● **DESCRIPTION OF THE TASK**: For the records below, copy exactly the span that begins at the line containing "㊁灵谷寺文创店就在寺门口处,可以领取福气" and stops after the line containing "From Civitavecchia (Rome), (Italy)", minus any pictures.

● **RECORDS FOR THE TASK**:
○ ○ ○ ○ ○ ○ ○

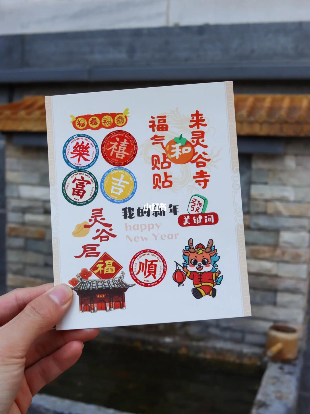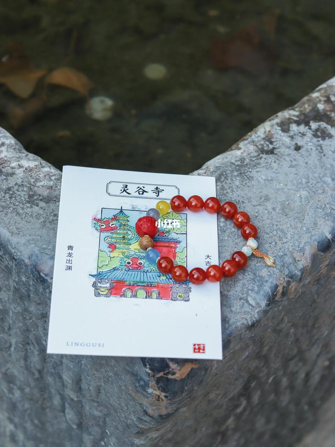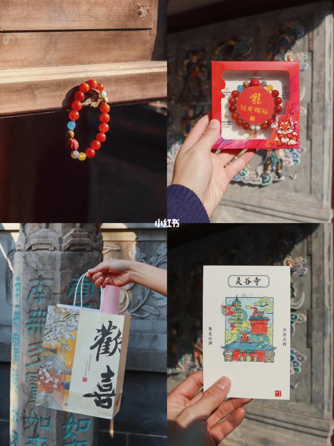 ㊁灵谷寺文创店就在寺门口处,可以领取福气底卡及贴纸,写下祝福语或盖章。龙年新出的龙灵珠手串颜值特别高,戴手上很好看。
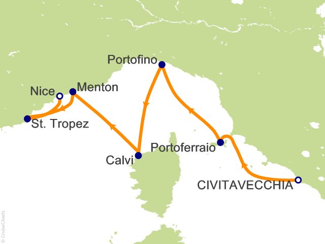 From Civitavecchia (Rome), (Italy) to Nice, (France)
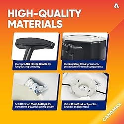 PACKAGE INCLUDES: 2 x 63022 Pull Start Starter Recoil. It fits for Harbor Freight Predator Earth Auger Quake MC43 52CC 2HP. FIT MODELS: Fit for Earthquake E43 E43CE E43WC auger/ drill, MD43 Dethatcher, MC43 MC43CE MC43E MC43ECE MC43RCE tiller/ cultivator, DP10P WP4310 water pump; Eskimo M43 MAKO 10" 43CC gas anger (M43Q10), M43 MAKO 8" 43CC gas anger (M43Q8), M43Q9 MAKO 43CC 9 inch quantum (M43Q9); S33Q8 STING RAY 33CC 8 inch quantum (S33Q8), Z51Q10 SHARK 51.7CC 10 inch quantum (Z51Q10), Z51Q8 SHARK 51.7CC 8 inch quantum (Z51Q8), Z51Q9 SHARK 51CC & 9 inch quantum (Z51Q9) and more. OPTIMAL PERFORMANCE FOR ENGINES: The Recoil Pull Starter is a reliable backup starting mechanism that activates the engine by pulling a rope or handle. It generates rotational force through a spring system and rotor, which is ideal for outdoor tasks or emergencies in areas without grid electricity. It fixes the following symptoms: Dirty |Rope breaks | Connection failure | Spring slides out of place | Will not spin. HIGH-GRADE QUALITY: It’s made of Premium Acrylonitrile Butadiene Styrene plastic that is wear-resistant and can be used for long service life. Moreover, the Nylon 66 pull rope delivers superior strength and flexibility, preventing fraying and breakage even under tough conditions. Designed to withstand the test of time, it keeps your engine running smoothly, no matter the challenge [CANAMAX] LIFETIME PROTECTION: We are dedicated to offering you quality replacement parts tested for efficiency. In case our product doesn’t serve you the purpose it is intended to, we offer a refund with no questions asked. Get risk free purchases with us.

○ ○ ○ ○ ○ ○ ○

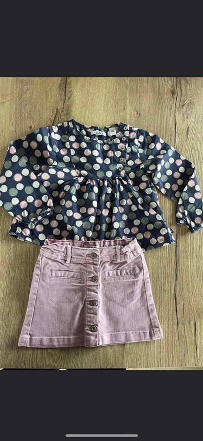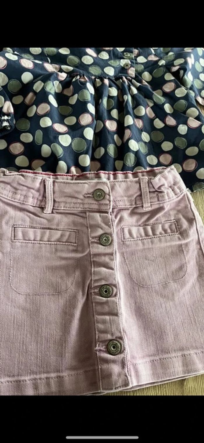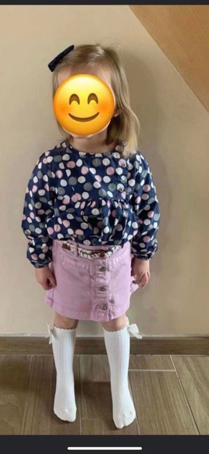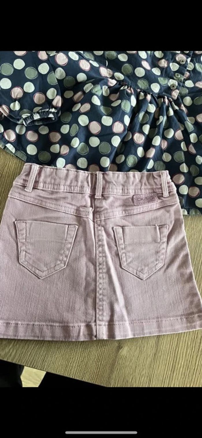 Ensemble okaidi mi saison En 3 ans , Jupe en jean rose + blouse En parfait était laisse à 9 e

○ ○ ○ ○ ○ ○ ○

● **YOUR SOLUTION**:
 ㊁灵谷寺文创店就在寺门口处,可以领取福气底卡及贴纸,写下祝福语或盖章。龙年新出的龙灵珠手串颜值特别高,戴手上很好看。
 From Civitavecchia (Rome), (Italy) to Nice, (France)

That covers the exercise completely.